In my September 19 article I said: "Our indicators and price action suggest strongly that we are beginning a rally that should last at least a couple of weeks. I also think that this week's deep low needs to be retested, and I am not convinced that a retest will be successful." As it turned out, there was no rally and the expected retest and failure encompassed one of the worst one-day declines in history.
From top to bottom the S&P 500 Index has dropped nearly 30%, but as usual we can't turn on financial news without hearing somebody assert that this is now the "buying opportunity of a lifetime". I wish it were, but in my opinion it is not. For it to be that great a buying opportunity stocks would have to have extraordinary fundamental value, and that kind of condition has not existed for over 20 years.
Based upon 2008 Q2 GAAP earnings the P/E of the S&P 500 is about 21, which puts it slightly above the normal P/E range of 10 to 20, meaning that stocks are very overvalued (the exact opposite of being a bargain).
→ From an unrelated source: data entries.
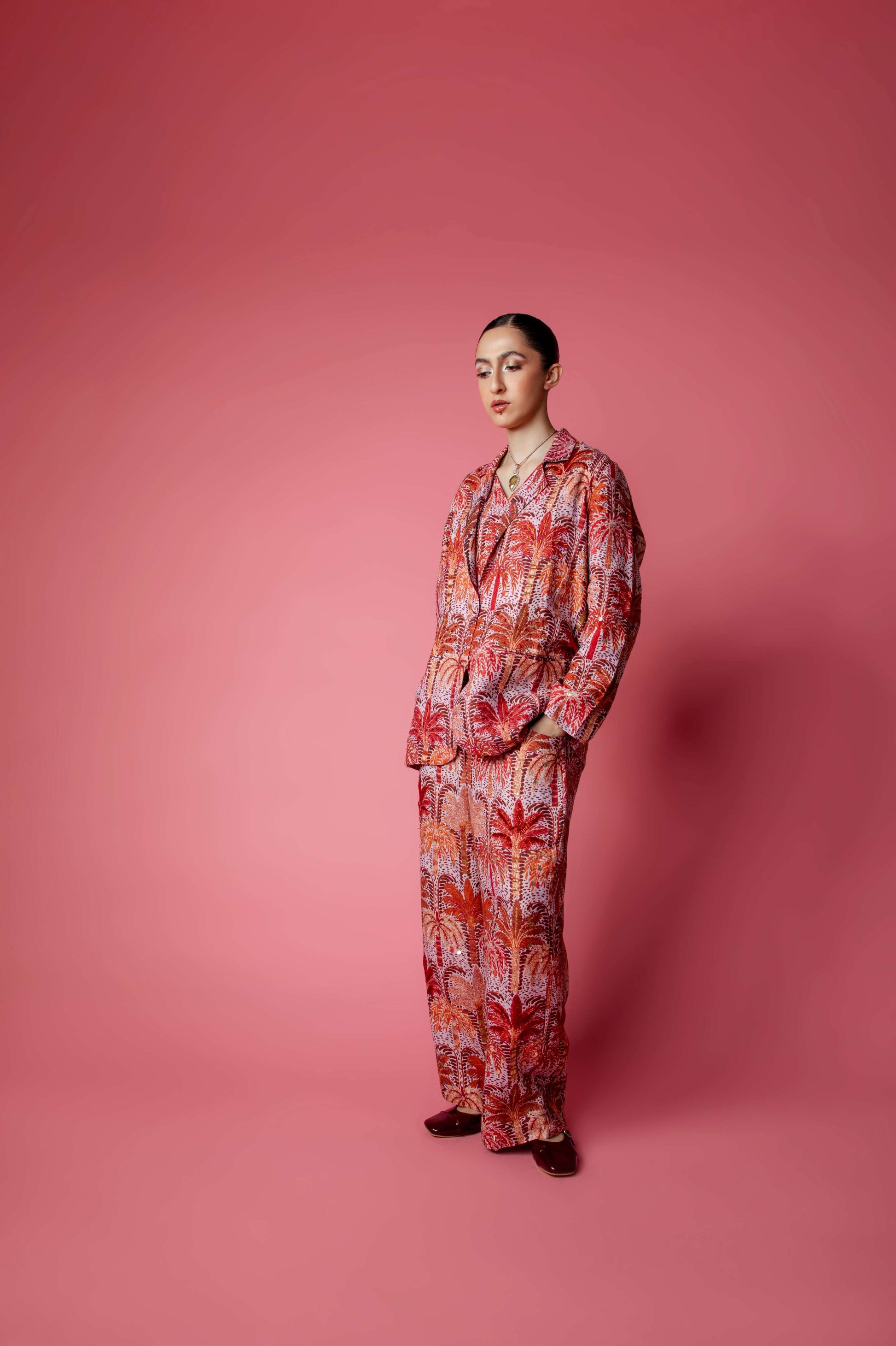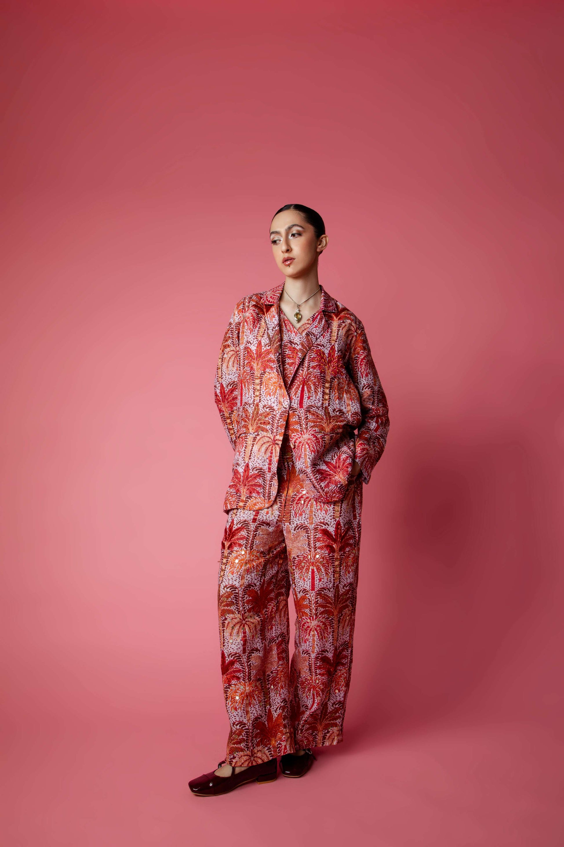 Tailored for the brave. This brown blazer is your ticket to effortless elevation. Cut from our signature moody palm print, it features intricate embellishments that catch the light without stealing the show. Sharp yet relaxed, it’s designed to pair perfectly with the matching coord set pants, or thrown over denim shorts, a sleek slip dress, or even your boy pants. Style it with heels for glam, or sneakers for that laid-back, cool edge. Whether you're heading to a sundowner or stepping into a meeting, this blazer brings the breeze with style.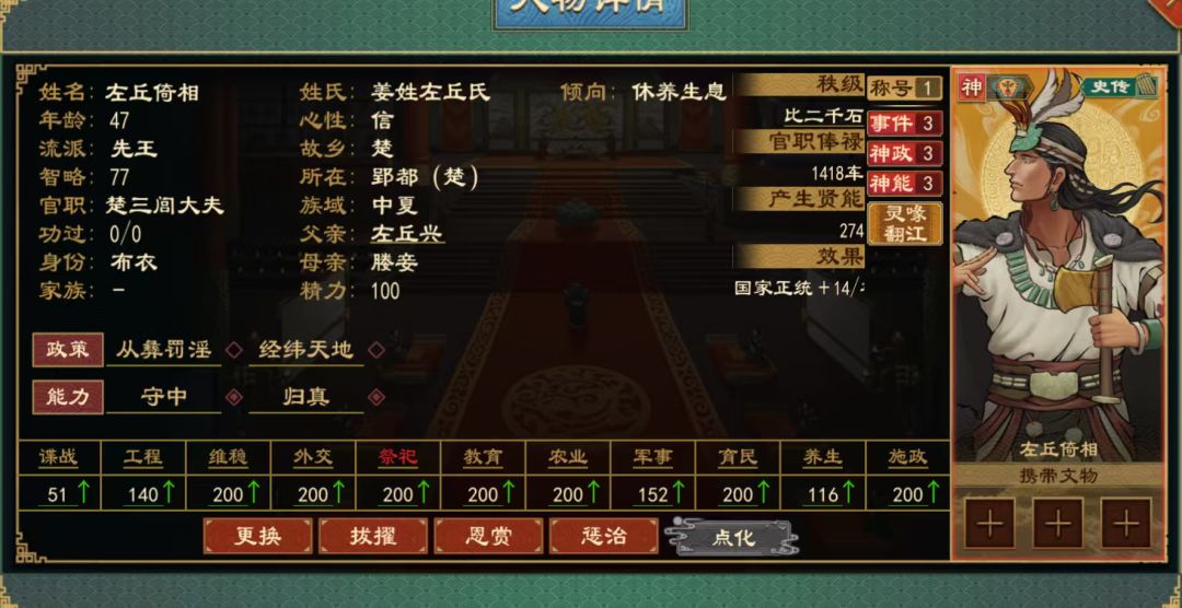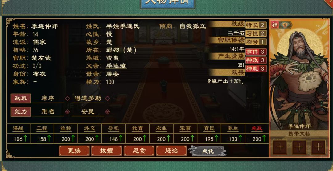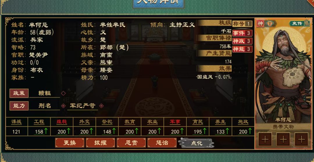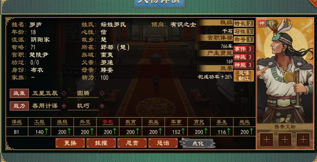 连尹:外交+军事 效果:加行军速度(最大+14%)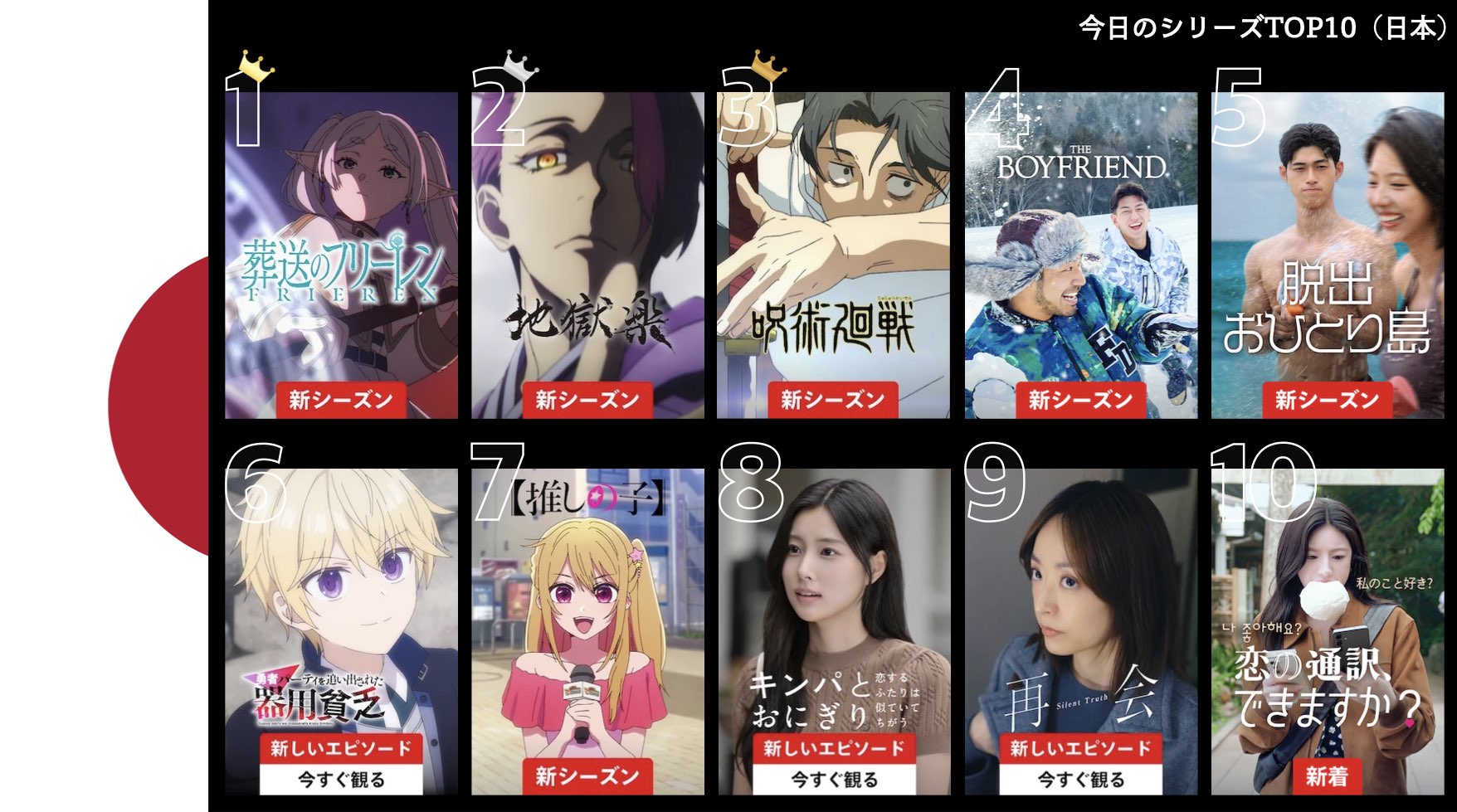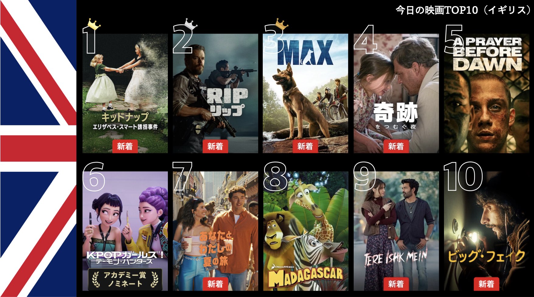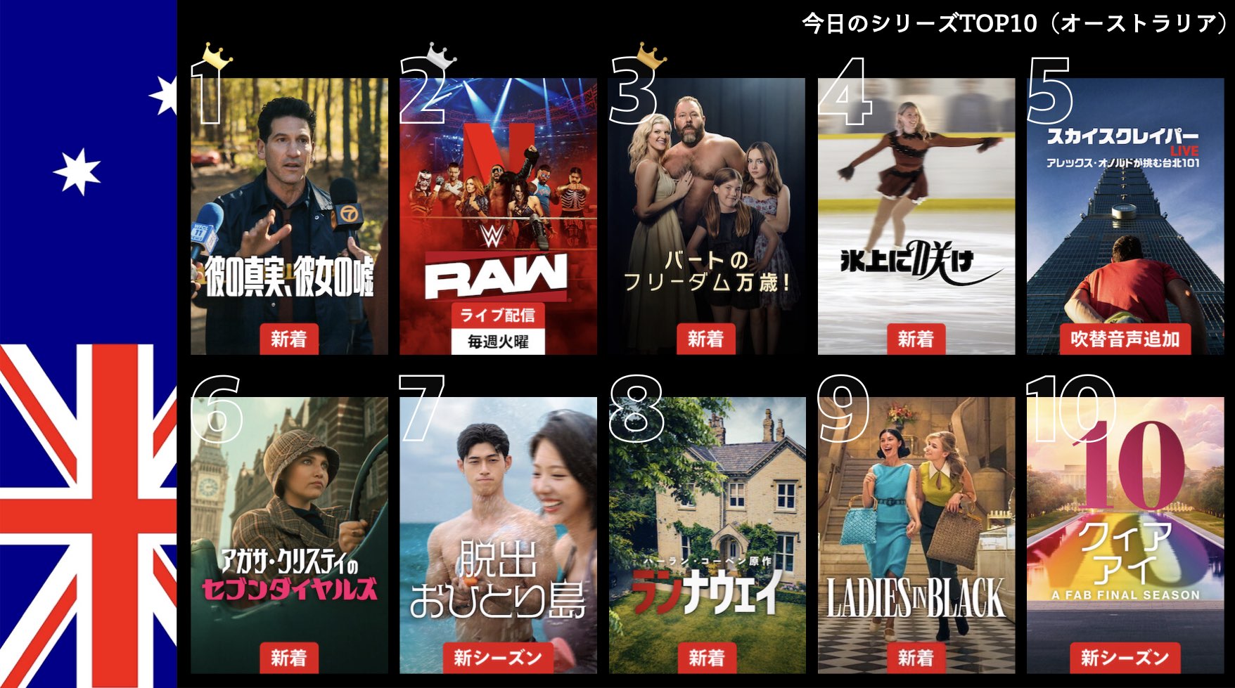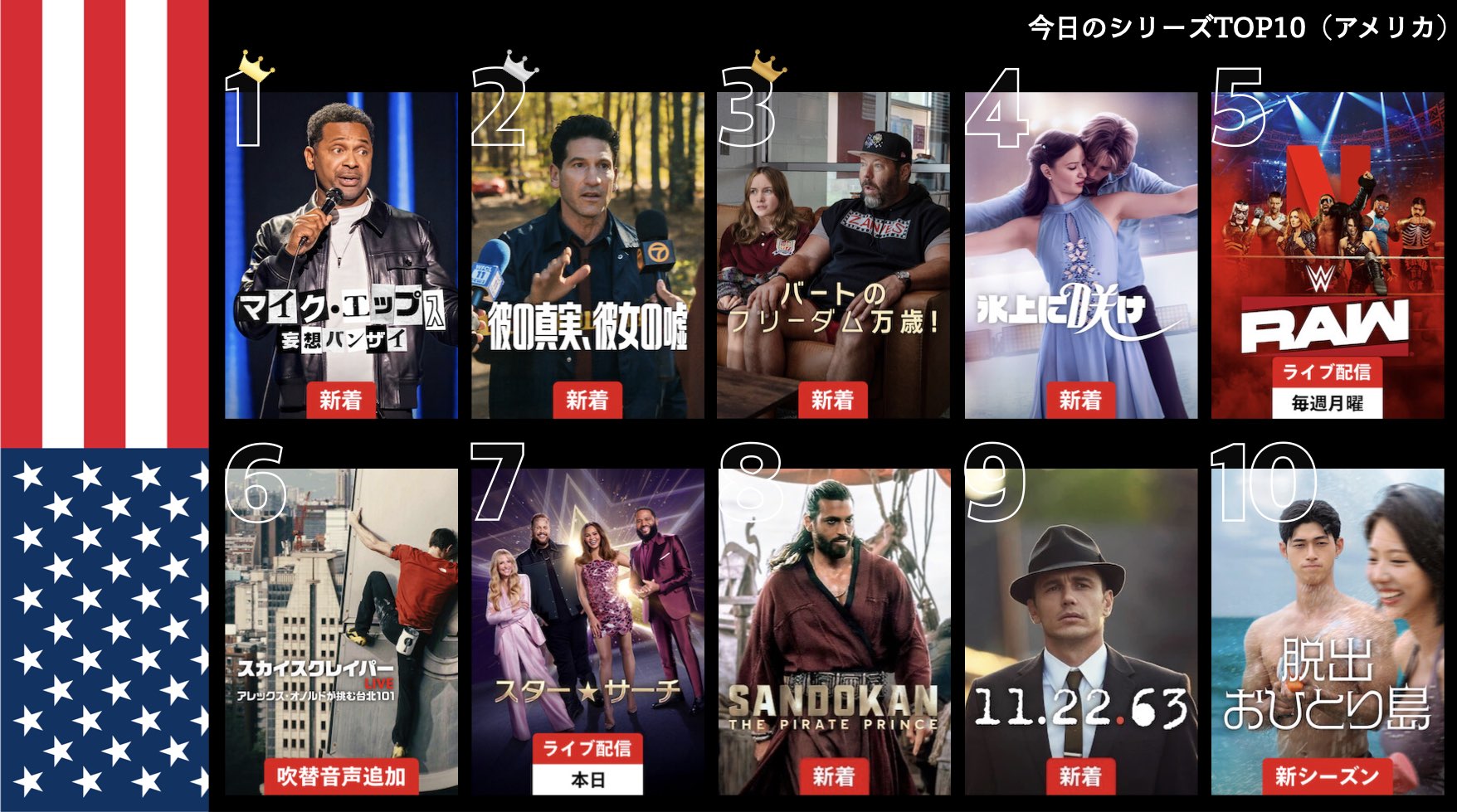 各国のNetflix (ネットフリックス) 内で公開されている「今日のTVシリーズTOP10」と「今日の映画TOP10」をもとに、世界の視聴動向を独自にまとめたランキングを毎日更新!主要国でいま、どんな作品が注目されているかチェックしてみましょう。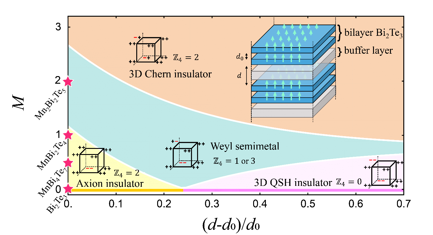 具有内禀磁化强度的拓扑材料MnBi2Te4/(Bi2Te3)n的兴起为研究具有时间反演对称性破缺的轴子绝缘体提供了一个绝佳的平台。刘奇航课题组之前的理论研究表明,通过材料设计的手段改变材料中MnBi2Te4和Bi2Te3层的比例及其堆垛情况,可以实现多种二维拓扑相,包括时间反演对称的量子自旋霍尔效应、时间反演破缺的量子自旋霍尔效应以及量子反常霍尔效应【PRL 123, 096401 (2019)】。而在本研究中,课题组进一步探讨了不同三维拓扑相的出现与材料中电子跃迁和交换相互作用强度的关系。在建立了有效模型哈密顿量后,可以通过调节模型中的参数调控诸如轴子绝缘体、外尔半金属、三维陈绝缘体、三维量子自旋霍尔绝缘体(脆拓扑)等拓扑物相,如下图所示: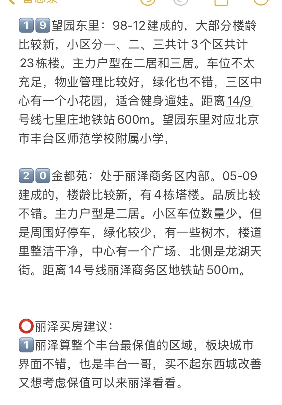 4️⃣丽泽雅园:05 - 09 年,塔楼,自采暖,在丽泽北区,小区品质比较不错,配套还可以,物业管理比较好,刷卡出入,院内干净,绿化也不错,缺点是户型差了点,隔音有点问题,小区周边部分靠近街道的房子会受到一定的噪音干扰。

To demonstrate, the chart below displays the S&P 500 in relation to its normal P/E range going back to 1925. The S&P 500 is the heavy black line, the red line shows where the S&P 500 would be if it had a P/E of 20 (overvalued), the blue line is if the P/E were 15 (fair value), and the green line represents a P/E of 10 (undervalued).
I have applied red arrows to identify the periods where stocks were truly undervalued, sometimes mouth-wateringly so -- truly buying opportunities of a lifetime. As you can see, current prices are very overvalued, and possibly near the selling opportunity of a lifetime. To those who think this is the time to buy, I must ask, based upon what? Clearly, prices can rise even when stocks are overvalued, but current economic fundamentals makes that outcome a long shot.
As for our market outlook, the next chart puts the decline in perspective. Prices are deeply oversold, as are many of our technical indicators, so it is reasonable to expect a rally to clear this condition; however, we are in a bear market, and I have no reason to believe that the recent lows are the final bear market lows. There is a 9-Month Cycle trough due around October 22, and it is possible that it arrived early at the recent lows. Otherwise, we should probably look for a bounce followed by a retest of the lows in late-October.
My view of the financial crisis is that it is going to last a long time, and that there will be no easy fix, even if we had some really smart people trying to solve the problem, which we do not. Three weeks ago most congress persons had no more awareness of the problems we are facing than the man on the street. How much confidence do you have that the very people who caused the problem are suddenly going to become smart enough to fix it? In my opinion, they are only going to make it worse.
Bottom Line: Stocks are way overvalued and the economic outlook is dismal. The only long exposure that should be considered is on a short-term basis when the inevitable bear market rallies occur.